**Task goal:** Write out exactly the lines from the one with "Евгений! Я смотрю" through the last line of the data below, but not the pictures.

**Data extracts:**
╔══
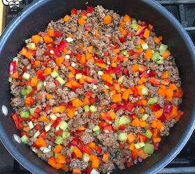 Do you ever think things are going great in the kitchen but then you look down and realize something’s missing? That ‘something’ this time was the onions still on the chopping board! My new motto now is never sweat the small stuff – just the onions. Since Hubs is always on perpetual clean up duty when I cook, it’s not a big deal to cook them separately and add them into the rest of the mixture 😉.
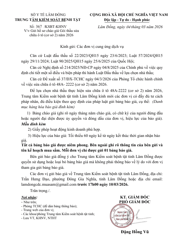 Cập nhật lúc: 16:27 - 04/03/2026 Gửi hồ sơ chào giá Gói thầu sửa chữa ô tô (cơ sở 2) năm 2026 | Giới thiệu
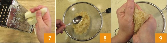 Grate the pears with a fine grater 7 and collect the pulp in a sieve. Press with the back of a spoon to remove most of the water 8, then further squeeze the pulp with your hands 9 until you get a dry ball.
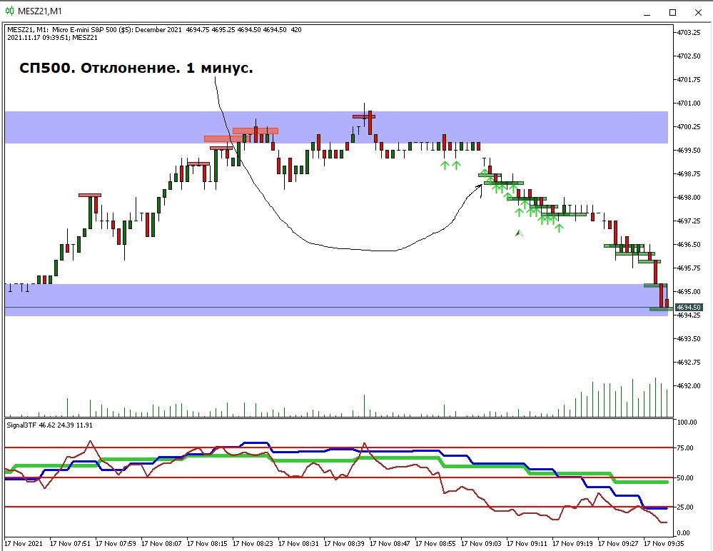 Евгений! Я смотрю все отклонения. В том случае вход был по 2 сигналу из методички Дмитрия. Появились стрелка и подсветка.
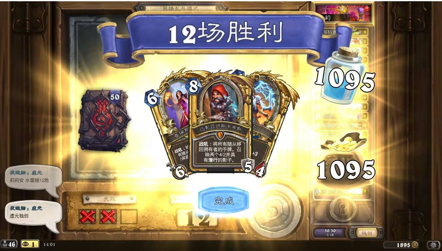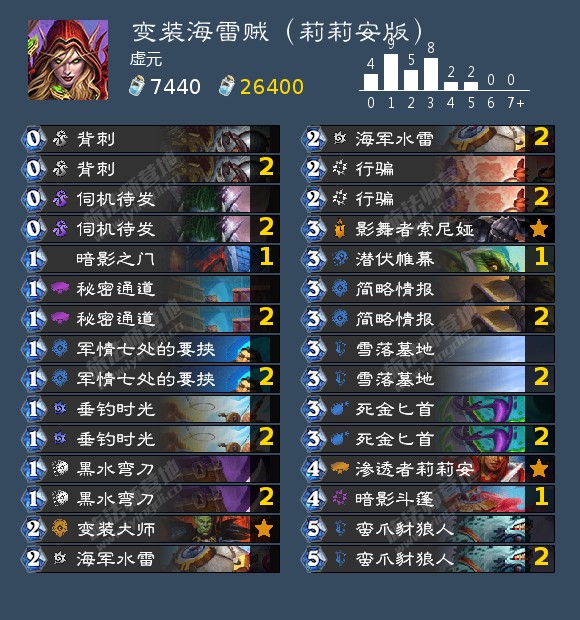 来自虚元的一套剑宗变装海雷贼,他使用这套卡组在英雄乱斗模式中打出了12-2的战绩,并在本月使用这套卡组打到天梯12名。
╚══
**Written response:**
 Евгений! Я смотрю все отклонения. В том случае вход был по 2 сигналу из методички Дмитрия. Появились стрелка и подсветка.
 来自虚元的一套剑宗变装海雷贼,他使用这套卡组在英雄乱斗模式中打出了12-2的战绩,并在本月使用这套卡组打到天梯12名。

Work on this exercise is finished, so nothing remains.